Het is deze (nog speculatieve) meromorfe continuering naar het complexe vlak, die men een L-functie noemt. In de klassieke gevallen weet men al dat er op punten waar de representatie van de L-reeks niet convergeert nuttige informatie is opgeslagen in de waarden en het gedrag van de L-functie. De algemene term L-functie omvat hier vele bekende typen van zèta-functies. De Selberg-klasse is een poging om de kerneigenschappen van L-functies in een verzameling van axioma's te vangen, met als doel de studie van de eigenschappen van de Selberg-klasse te stimuleren in plaats van die van afzonderlijke functies.

Vermoedelijke informatie

[bewerken | brontekst bewerken]

Men kan karakteristieken van bekende voorbeelden van L-functies opnoemen, waarvan men zou willen dat deze veralgemeend zouden worden:

Gedetailleerd werk heeft geresulteerd in een grote hoeveelheid plausibele vermoedens, bijvoorbeeld over het exacte type van de functionaalvergelijking die van toepassing moet zijn.
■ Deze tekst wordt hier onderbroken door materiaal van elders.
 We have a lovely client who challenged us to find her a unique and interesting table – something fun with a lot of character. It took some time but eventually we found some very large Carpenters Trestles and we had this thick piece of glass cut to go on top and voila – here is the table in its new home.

Aangezien de Riemann-zèta-functie door middel van haar waarden op positieve even gehele getallen (en negatieve oneven getallen) een verbinding legt naar de Bernoulli-getallen, zoekt men naar een geschikte veralgemening van dat fenomeen. In dit geval heeft men resultaten verkregen p-adische-L-functies, die bepaalde Galois-modulen beschrijven.

De statistieken van de nulverdelingen zijn van belang, vanwege hun verbinding met problemen zoals de veralgemeende Riemann-hypothese, de verdeling van priemgetallen, enz. De verbindingen met toevalsmatrixtheorie en de quantumchaos zijn ook van belang. De fractale structuur van de verdelingen is bestudeerd met behulp van "herschaalde reikwijdte-analyse".[2] De zelfgelijkenis van de nuldistributie is zeer opmerkelijk, en wordt gekenmerkt door een grote fractale dimensie van 1,9. Deze vrij grote fractale dimensie wordt gevonden over nulpunten die voor de Riemann-zèta-functie ten minste vijftien orden van grootte afdekken, en ook voor de nulpunten van andere L-functies van verschillende orden en conductors.
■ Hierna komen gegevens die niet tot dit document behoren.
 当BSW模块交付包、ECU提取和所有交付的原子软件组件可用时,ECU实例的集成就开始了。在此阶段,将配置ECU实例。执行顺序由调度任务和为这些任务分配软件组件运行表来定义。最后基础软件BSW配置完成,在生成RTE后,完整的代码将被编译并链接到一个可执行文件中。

Vermoeden van Birch en Swinnerton-Dyer

[bewerken | brontekst bewerken]
Zie vermoeden van Birch en Swinnerton-Dyer voor het hoofdartikel over dit onderwerp.

Een van de invloedrijke voorbeelden, zowel voor de geschiedenis van de meer algemene L-functies als ook voor een nog open onderzoeksgebied is het vermoeden dat door Bryan Birch en Peter Swinnerton-Dyer in de vroege jaren zestig van de twintigste eeuw werd geformuleerd. Het vermoeden van Birch en Swinnerton-Dyerheeft heeft betrekking op een elliptische kromme E, en het probleem dat het vermoeden probeert op te lossen is de voorspelling van de rang van de elliptische kromme over de rationale getallen (of een andere globaal veld): dat wil zeggen het aantal vrije generatoren van haar groep van rationale punten. Veel eerder werk op dit gebied werd op zeker moment verenigd rondom een betere kennis van L-functies. Dit was het begin van de ontluikende theorie van de L-functies.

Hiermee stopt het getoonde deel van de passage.